On August 23, 2010, the United States Bankruptcy Court for the Southern District of New York ruled on an issue of first impression under chapter 15 jurisprudence. The foreign representative of JSC BTA Bank ("BTA Bank") filed a motion for contempt and to stay arbitration proceedings against Banque International de Commerce - BRED Paris, succursale de Geneve, Switzerland ("BIC-BRED"). The motion sought to hold BIC-BRED in contempt for willful violation of the automatic stay that came into effect upon entry of the Court's order recognizing BTA Bank's reorganization proceedings in Kazakhstan.

The arbitration proceeding related to BIC-BRED's attempt to collect from JTA Bank on a $20 million loan. After the foreign representative's motion was filed, the Swiss arbitrator entered an award in favor of BIC-BRED and against BTA Bank. As a result, the Court found the motion to stay the arbitration proceedings was moot and limited its decision to the aspects of the motion seeking to hold BIC-BRED in contempt.

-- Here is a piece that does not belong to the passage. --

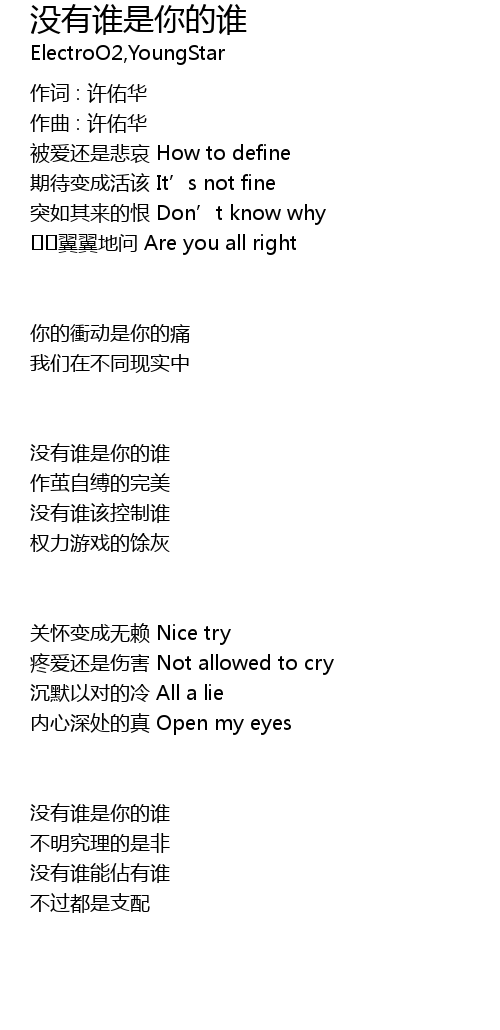 | méi yǒu shuí néng zhàn yǒu shuí | |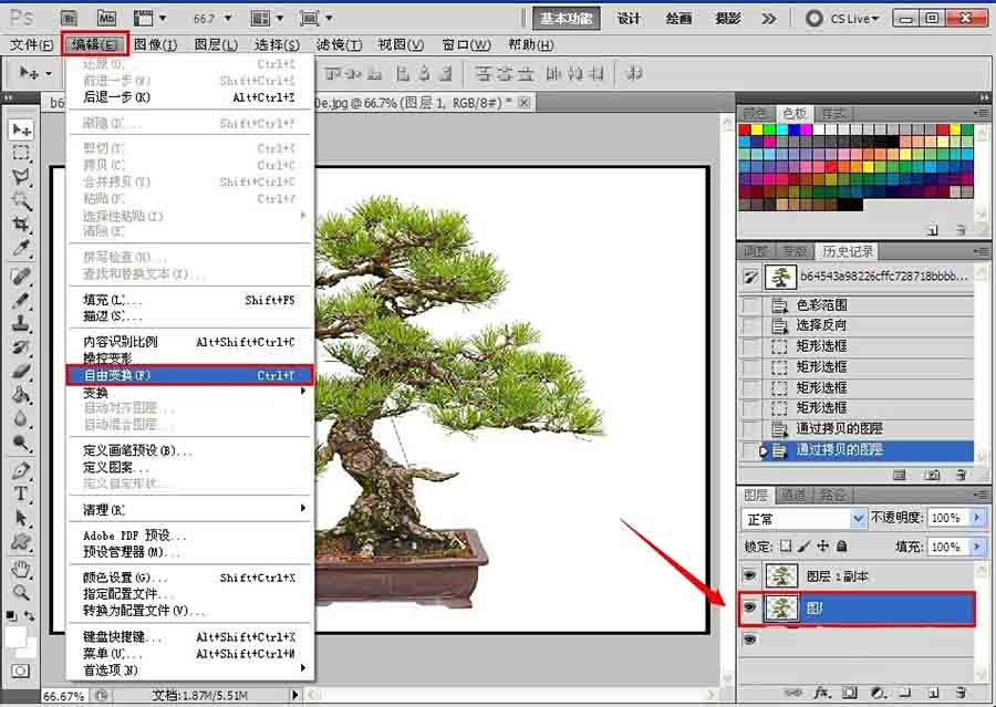 选中建立的第一个图层单击“编辑——自由变换(ctrl+t)”。

In determining whether BIC-BRED should be held in contempt for willfully violating the automatic stay, the Court construed the language of 11 U.S.C. § 1520(a)(1) which reads:

(a) Upon recognition of a foreign proceeding that is a foreign main proceeding – (1) sections 361 and 362 apply with respect to the debtor and the property of the debtor that is within the territorial jurisdiction of the United States.

After conducting a thorough analysis of the statutory language, the Court found that a "restrained reading" of section 1520(a)(1) of the Bankruptcy Code is appropriate so as to avoid "absurd consequences," such as the Kazakh court needing permission from the Court before taking any action that might impact BTA Bank. The Court concluded that the "best reading" of section 1520(a)(1) "is that the stay arising in a chapter 15 case upon recognition of a foreign main proceeding applies to the debtor within the United States for all purposes and may extend to the debtor as to proceedings in other jurisdictions for purposes of protecting property of the debtor that is within the territorial jurisdiction of the United States." Because BTA Bank has no assets or employees within the U.S., conducts no business in the U.S., and its only connection to the U.S. is balances in correspondent bank accounts in New York, the Court found the jurisdictional nexus lacking and denied the motion for contempt.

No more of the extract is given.